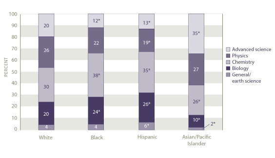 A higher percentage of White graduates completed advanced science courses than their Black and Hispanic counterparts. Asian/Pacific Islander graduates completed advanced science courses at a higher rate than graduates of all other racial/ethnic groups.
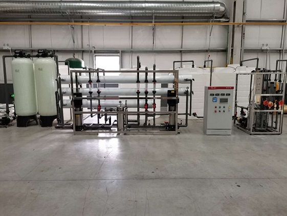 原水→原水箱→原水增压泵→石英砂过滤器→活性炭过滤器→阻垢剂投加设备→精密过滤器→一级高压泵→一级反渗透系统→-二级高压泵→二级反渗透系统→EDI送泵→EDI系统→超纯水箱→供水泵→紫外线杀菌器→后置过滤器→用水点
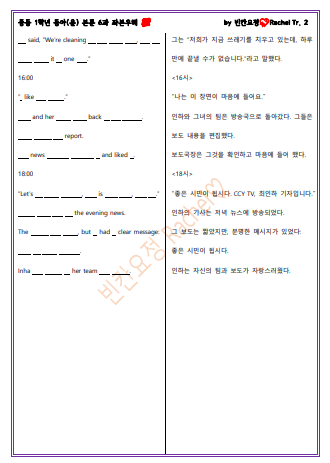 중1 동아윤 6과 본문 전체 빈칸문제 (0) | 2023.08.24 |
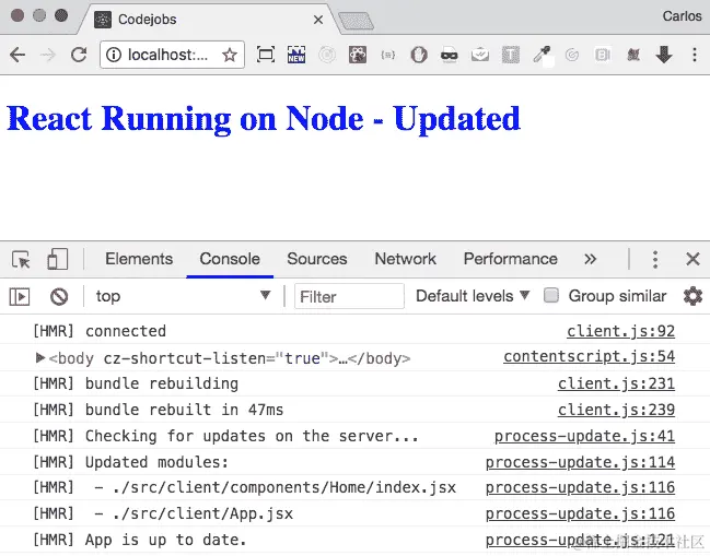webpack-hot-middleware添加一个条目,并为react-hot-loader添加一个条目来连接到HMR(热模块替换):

---

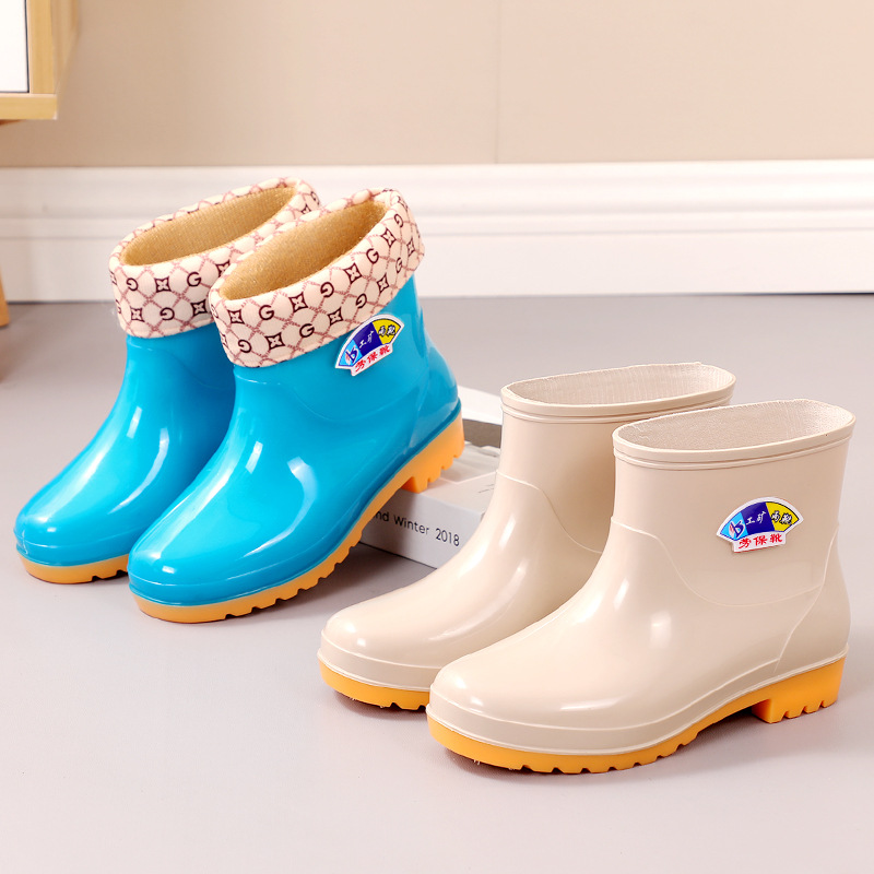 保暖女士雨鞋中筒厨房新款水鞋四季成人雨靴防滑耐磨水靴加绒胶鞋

...

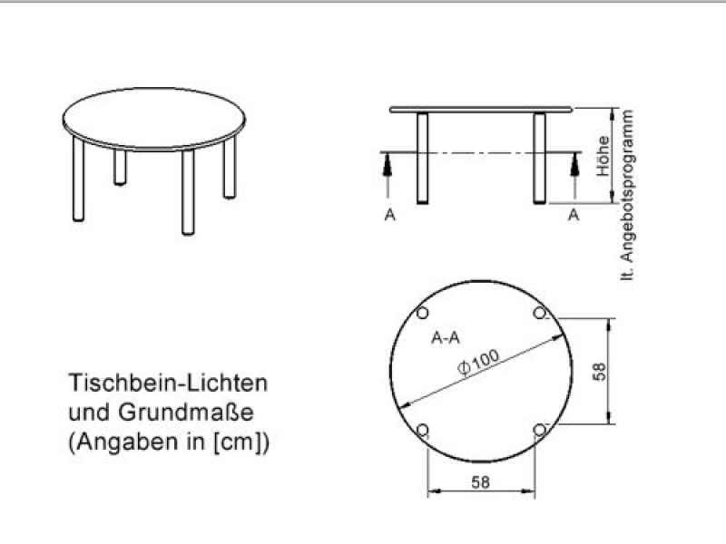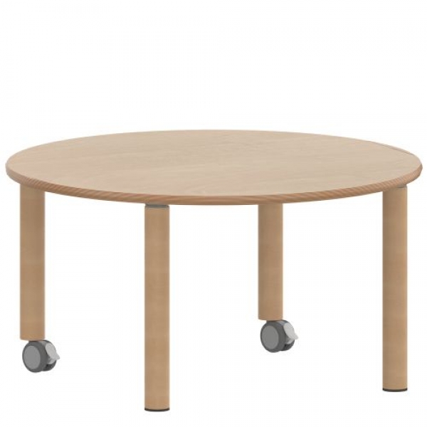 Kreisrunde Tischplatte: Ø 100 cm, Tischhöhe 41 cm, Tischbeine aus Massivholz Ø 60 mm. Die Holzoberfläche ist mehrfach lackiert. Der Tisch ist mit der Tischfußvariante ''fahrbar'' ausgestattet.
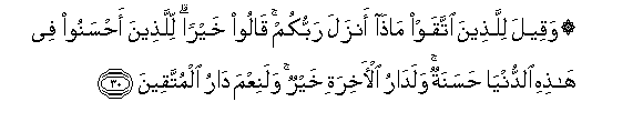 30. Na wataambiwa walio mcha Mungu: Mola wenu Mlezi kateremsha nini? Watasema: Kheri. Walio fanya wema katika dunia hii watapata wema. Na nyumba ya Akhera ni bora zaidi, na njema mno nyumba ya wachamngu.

> [Assigned task]:
For this exercise, transcribe exactly the part of the records above that opens with the line containing "原水→原水箱→原水增压泵→石" and closes with the one containing "webpack-hot-mi". Pictures are not part of the copy.

> [Completed exercise]:
 原水→原水箱→原水增压泵→石英砂过滤器→活性炭过滤器→阻垢剂投加设备→精密过滤器→一级高压泵→一级反渗透系统→-二级高压泵→二级反渗透系统→EDI送泵→EDI系统→超纯水箱→供水泵→紫外线杀菌器→后置过滤器→用水点
 중1 동아윤 6과 본문 전체 빈칸문제 (0) | 2023.08.24 |
webpack-hot-middleware添加一个条目,并为react-hot-loader添加一个条目来连接到HMR(热模块替换):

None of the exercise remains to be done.